Do You Over-Exercise?
While exercise in moderation is healthy, you can overdo it. Individuals
can cross the line from healthy to compulsive exercise, characterized by
an inability to give up a workout despite sickness, injury or
exhaustion, and planning one’s entire social life around scheduled and
repeated workouts.
Researchers at Remuda Ranch, a treatment center in Wickenburg, AZ, say
that overexercise can be a part of bulimia and a component of other
eating disorders. In fact, women with bulimia can and often do cut down
or cut out their vomiting as they grow older.

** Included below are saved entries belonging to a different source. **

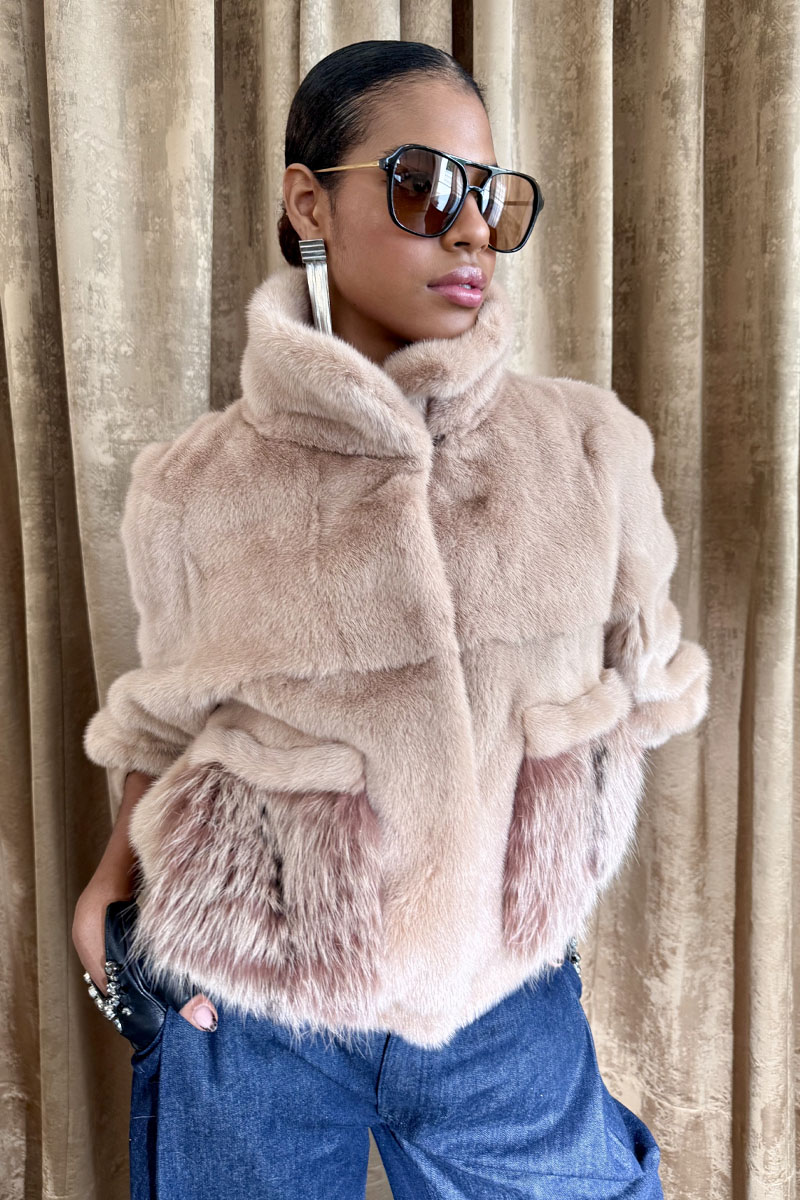 Abrigo de piel vuelta merino en color beige-nude. Su corte oversize con cuello chimenea, mangas caídas con puños y aberturas laterales, crea movimiento y un look juvenil y moderno.- Abrigo de cordero merino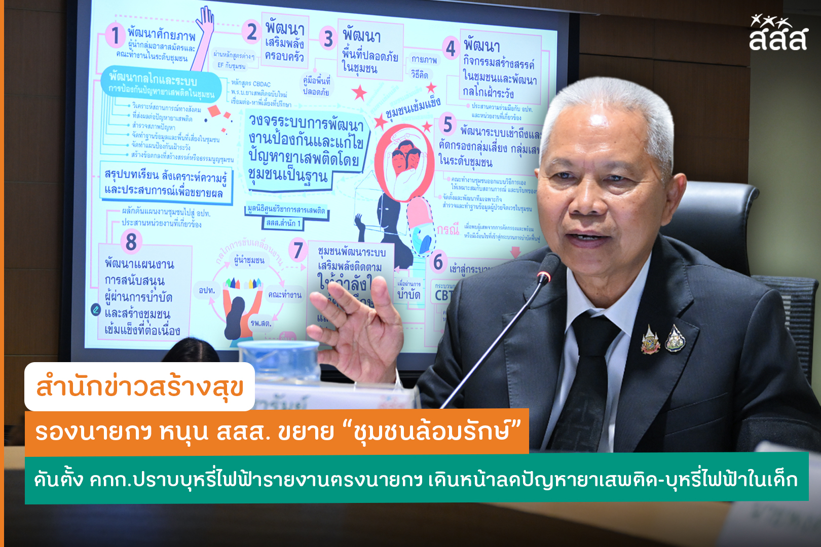 19 พ.ย. 68 121 ครั้ง รองนายกฯ หนุน สสส. ขยาย “ชุมชนล้อมรักษ์” ดันตั้ง คกก.ปราบบุหรี่ไฟฟ้ารายงานตรงนายกฯ เดินหน้าลดปัญหายาเสพติด-บุหรี่ไฟฟ้าในเด็ก “รองนายกฯ โสภณ” หนุน สสส. ขยายผล “ชุมชนล้อมรักษ์” เล็งยกเครื่องกฎหมายยาเสพติด-บุหรี่ไฟฟ้า เสนอ ครม. ตั้ง คกก.ปราบบุหรี่ไฟฟ้า รายงานตรงนายกฯ ลดข้อจำกัดทางกฎหมาย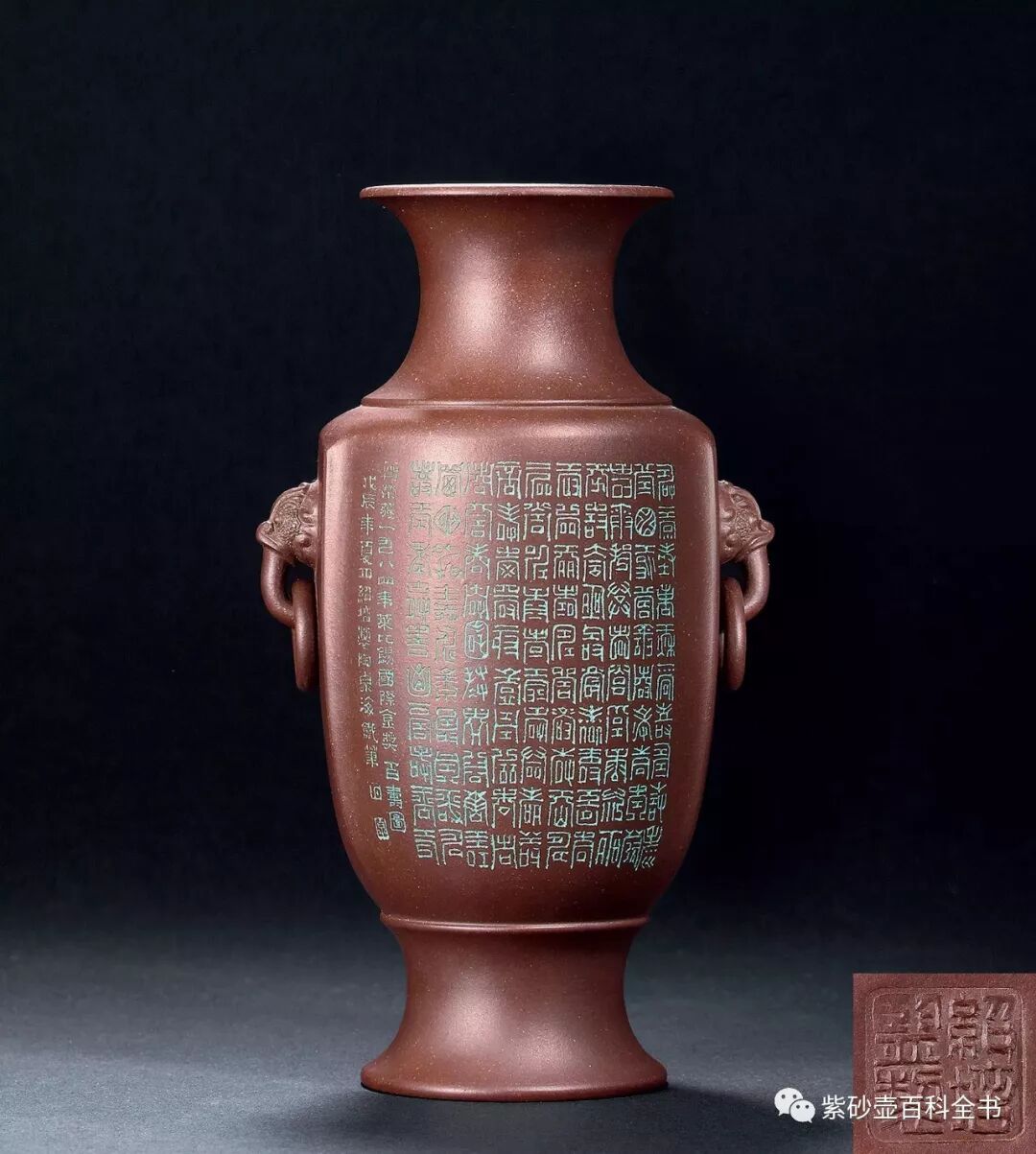 5069 當(dāng)代 顧紹培制陶、譚泉??贪賶蹐D紫砂獸耳銜環(huán)瓶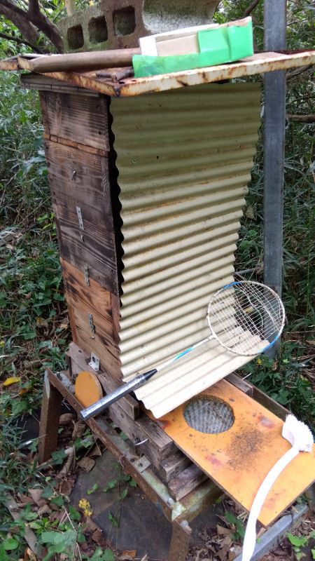 AM天気良し、気温並み、巡回、スズメ蜂は特には来てない。柿木群、常なら出入り、入口付近のたむろ数匹以上、然るに10分程観察するに姿見えない。屋根上のペッタン紙にも特にスズメ無し。ちょいと心配、底から内検する。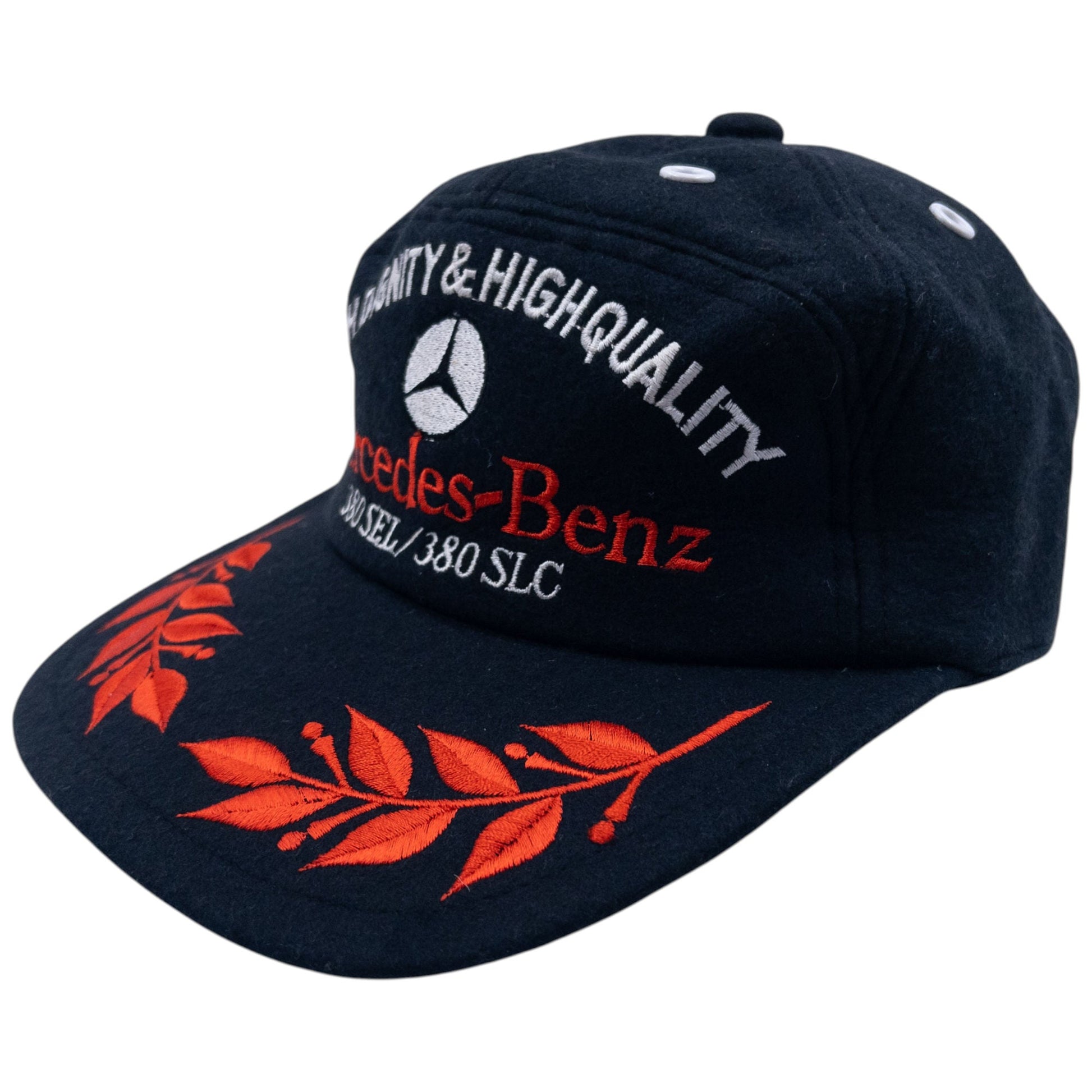 Vintage 80s Mercedes Benz Embroidered Wool Hat Size L | O/S, Black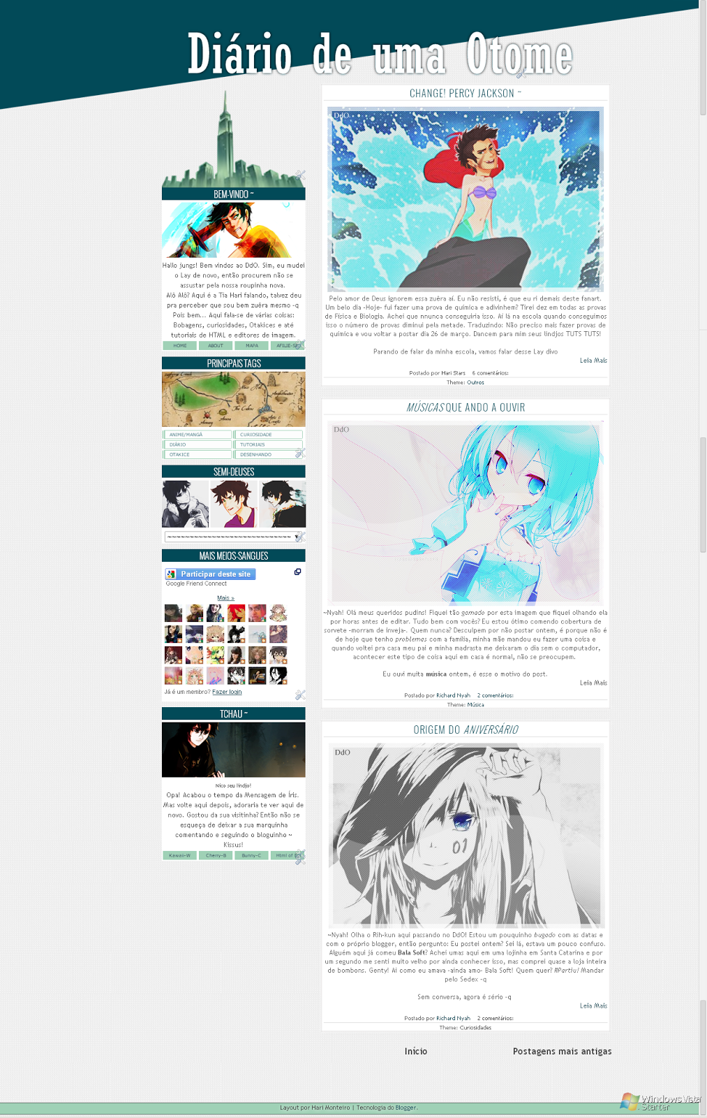 Já acho lindo seu layout atual lindo, é tão inspirador... Lembro me que vc tenha usado esse layout do Percy jackson uma vez... Ou será impressão minha? Bom, apenas falando que gosto muito do design que vc utiliza no blog! Eles são lindos!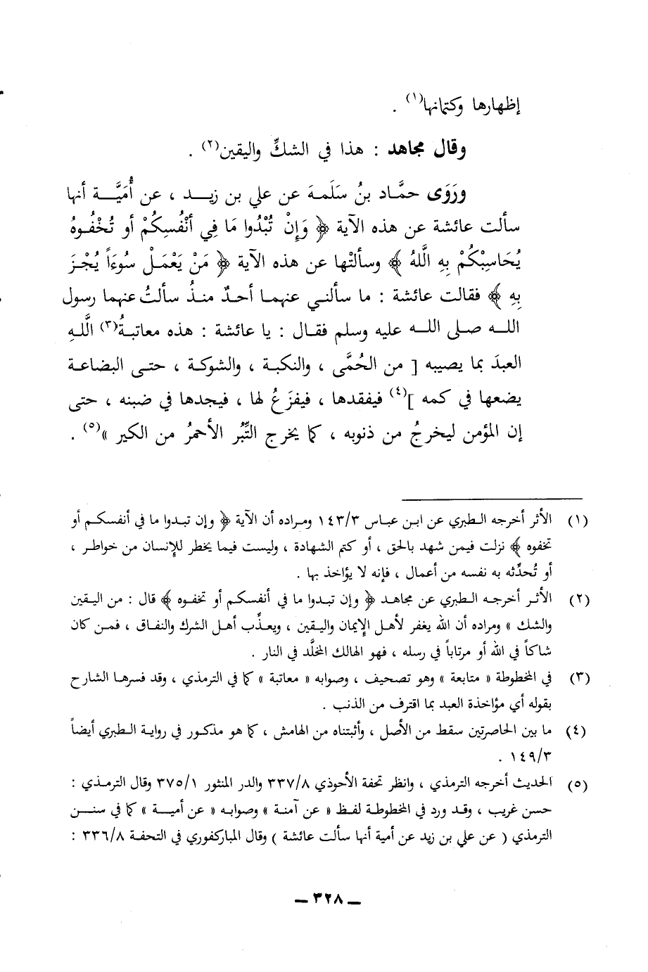اظهارها وكتمانها وقال مجاهد هذا في الشك واليقين وروى حماد بن سلمة عن علي بن زيد عن أمية انها سالت عائشة عن هذه الآية وان تبدوا ما في انفسكم أو تخفوه يحاسبكم به الله وسألتها عن هذه الآية من يعمل سوءا يجز به فقالت عائشة ما سألني عنهما أحد منذ سألت رسول الله صلى الله عليه وسلم فقال يا عائشة هذه معاتبة الله العبد بما يصيبه من الحمى والنكبة والشوكة حتى البضاعة يضعها في كمه فيفقدها فيفزع لها فيجدها في ضبنه حتى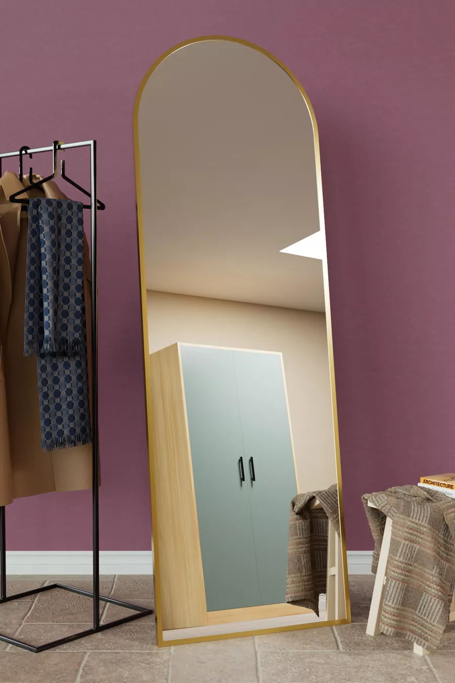 Materiale: Metallo Colore: Oro Numero di pezzi: 1 pezzo Forma: Rettangolare Tipo: Specchio da terra Origine: TR Caratteristica: Su piedistallo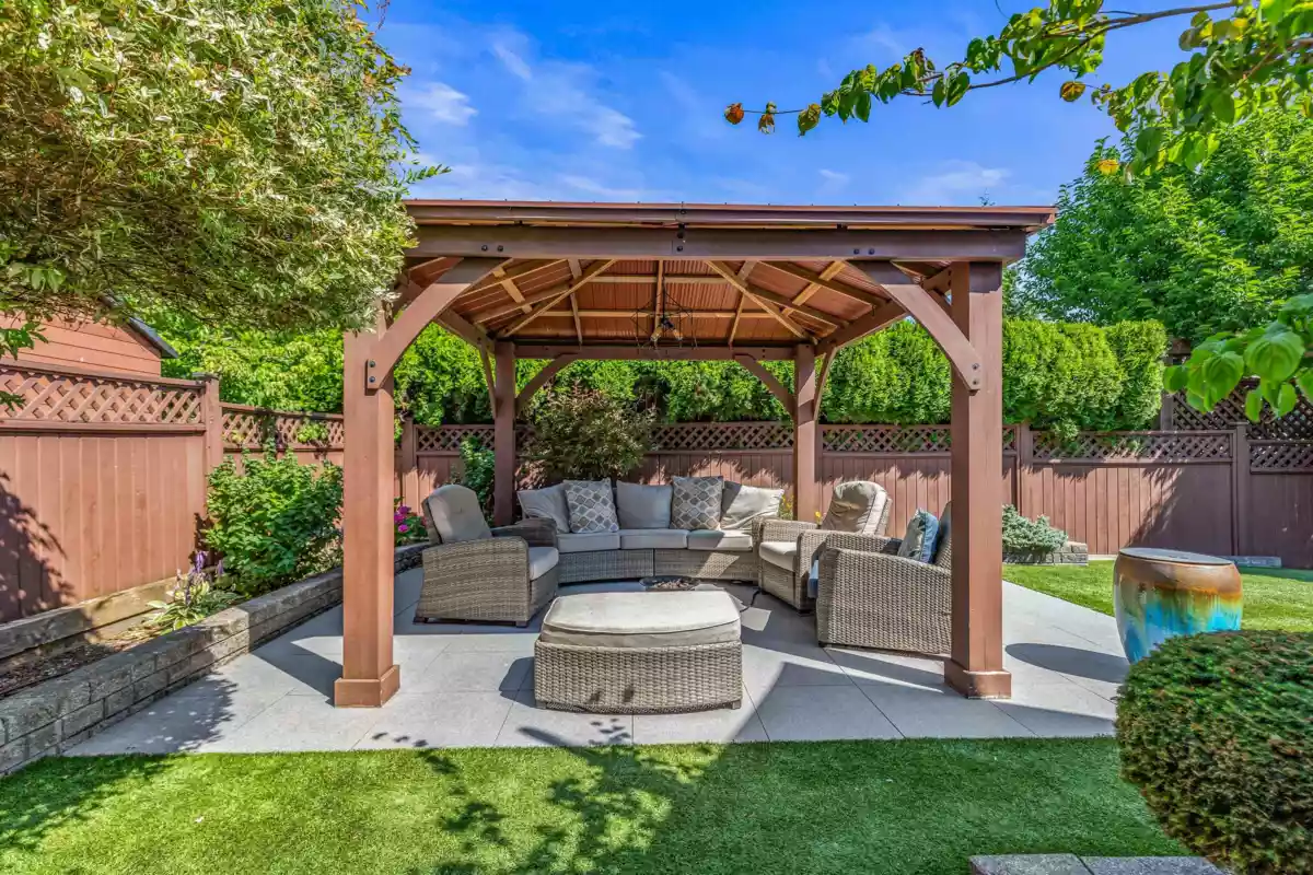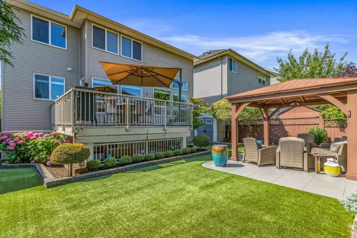 Stunning 6-bedroom detached home in sought-after Yorkson built by reputable Benchmark Homes! This spacious family home features vaulted ceilings in the bright and open living room, extra den on main floor ideal for home office, 4 bedrooms upstairs including an oversized primary with walk-in closet and ensuite, plus a 2-bedroom legal suite below—perfect for mortgage help or extended family. The updated backyard is an entertainer’s dream with low-maintenance artificial turf, a gazebo-covered patio, and a huge deck for outdoor living. Bonus features include air conditioning and quality finishes throughout. Located on a quiet street, close to schools, parks, and all amenities. A perfect blend of space, comfort, and location!

But as they reach middle
age, many start ratcheting up their exercise regimens as a substitute.
If you wonder whether you’ve crossed the line, take the following quiz.
Test yourself for Signs of Compulsive Exercise
1. Do you feel guilty if you miss your workout?
2. Do you still exercise if you are sick or hurt?
3. Would you miss going out with friends or spending time
with family just to ensure you got your workout in?
4. Do you become emotionally upset if you miss a workout?
5. Do you calculate how much to exercise based on how
much you eat?
6. Do you have trouble sitting still because you're not
burning calories?
7. If you are unable to exercise one day, do you feel
compelled to cut back on what you eat that day?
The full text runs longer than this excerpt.